Compilation of the Messages and Papers of the Confederacy
James D. Richardson, Compilation of the Messages and Papers of the Confederacy, Nashville: United States Publishing Company: 1904.
1. The Compilation of the Messages and Papers of the Confederacy is two one volume books that have compiled all the messages and documents of the Confederate government during the time of the Civil War. The first volume contains the official papers of the Confederate President Jefferson Davis as well as what was discussed within the Confederate Congress. Every session of congress is broken up individually and tells what issues were discussed within the session and what was said about the issues. The first volume totals 643 pages.
The second volume of the Compilation of the Messages and Papers of the Confederacy totals 760 pages and contains all the diplomatic correspondences that the Confederate government had. From 1861-1865 every diplomatic correspondence between a high ranking Confederate politician can be found. Many of these letters are from one influential politician to another as well as many to people outside the country looking for support.
Also in volume one there are biographical sketches of President Jefferson Davis, Vol. 1 :(16), Vice President Alexander Stephens, Vol. 1:(172), and General Robert E Lee, Vol. 1:(436). In volume two there are sketches of three secretaries of state; Robert Toombs, Vol. 2 :(140), Robert M.T. Hunter, Vol. 2:(380), and Judah P. Benjamin, Vol. 2: (606).
These two volumes have an immense amount of information on the Confederate government that allows someone to see exactly what the government talked about. Through this source all official Confederate government actions have been saved to be remembered and studied.
2. This source was created in 1904 by James D. Richardson. Richardson received permission to create this source from the U.S. Senate. Richardson wished to organize the archives of the Confederate government so it could be studied and remembered in the future. The goal of the source is so the motives of the Confederate government would not be loss, forgotten or misunderstood overtime. By preserving the Confederate government's records it prevents any skewing of history and allows for people to interpret what they did on their own instead of reading about it second hand, where interpretations could change what may have actually happened.
3. All the major politicians and forces in the Confederate government appear in the source. Beside Confederate politicians there are also letters back and forth with other countries that the Confederates wished to persuade to help them. There are several people in the source that get highlighted more than others and that is: President Jefferson Davis, Vol. 1 :(16), Vice President Alexander Stephens, Vol. 1:(172), General Robert E Lee, Vol. 1:(436) and three secretaries of state: Robert Toombs, Vol. 2 :(140), Robert M.T. Hunter, Vol. 2:(380), and Judah P. Benjamin, Vol. 2: (606).
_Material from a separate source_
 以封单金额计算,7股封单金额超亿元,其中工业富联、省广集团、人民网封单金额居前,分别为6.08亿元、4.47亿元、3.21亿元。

4. The source is organized into two books. The first book contains the minutes of the Confederate congress with each session divided up by topic in order of meetings. There is a table of contents that shows each session divided up with what was discussed in that session.
The second book contains all the diplomatic correspondence that the Confederate government had. This book is also organized through a table of contents which divides the correspondence up into chronological order based on the year. The table of contents breaks the letters up into the years 1861, 1862, 1863, 1864, and 1865. There is close to a hundred different letters and correspondence in each of these sections.
5. The only finding aid for this source is the table of contents that outline what each volume contains.
6. The Compilation of the Messages and Papers of the Confederacy is located in Hawthorne-Longfellow Library on the second floor. It is two books that may be taken out of the library.
Its call number is: E487.C746 1904
7. This is a great source because it preserves the records of the Confederate government. It could have become very easy for the records of the Confederate government to have been destroyed or loss since it no longer exists. This source has therefore preserved these important papers of the time so the may be studied for all of time. By being able to read the Confederate congress's sessions one may begin to understand the issues and stances the South undertook during the Civil War. These papers allow for the original intents of decisions and issues to not be forgotten or misinterpreted. There can now be no dispute of what the Confederate government did or what they planned to do.
The other great part of this collection is the letters between Confederate politicians as well as foreign countries. These letters give insight into the planning and operation of the Confederate government. The letters also show what was being said in private, but may not have been said in public, in congress or in the newspapers. Letters give a great view point as to what a person may have been thinking.
The documents in this collection are great because they come directly from the writings of the Confederate government officials so there can be no confusion of the intent of their actions as it is all there in writing. Everything in the document comes right from the Confederates so there is no outsider looking in and interpreting their actions. Thanks to this collection someone can now read directly what the Confederate government did.